◆ YOUR ASSIGNMENT ◆
Nothing but the lines from the one containing "serving deprived families" through the last line of the data below should be returned, each exactly as it stands, pictures excluded.

◆ DATA BLOCK ◆
• • • • • • •
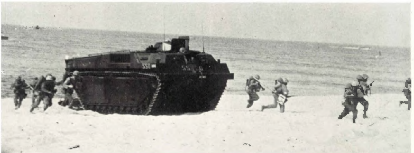
The midshipmen are indoctrinated into many phases of the Navy's varied training program through active participation.
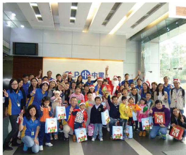
▲ Caritas Hong Kong and CLP collaborated together in serving deprived families
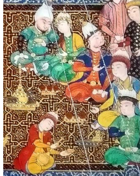
Fig. 23. Chinese knot on the Persian rug, Shahnama of Shah Tahmasb
• • • • • • •
◆ OUTPUT ◆
▲ Caritas Hong Kong and CLP collaborated together in serving deprived families
Fig. 23. Chinese knot on the Persian rug, Shahnama of Shah Tahmasb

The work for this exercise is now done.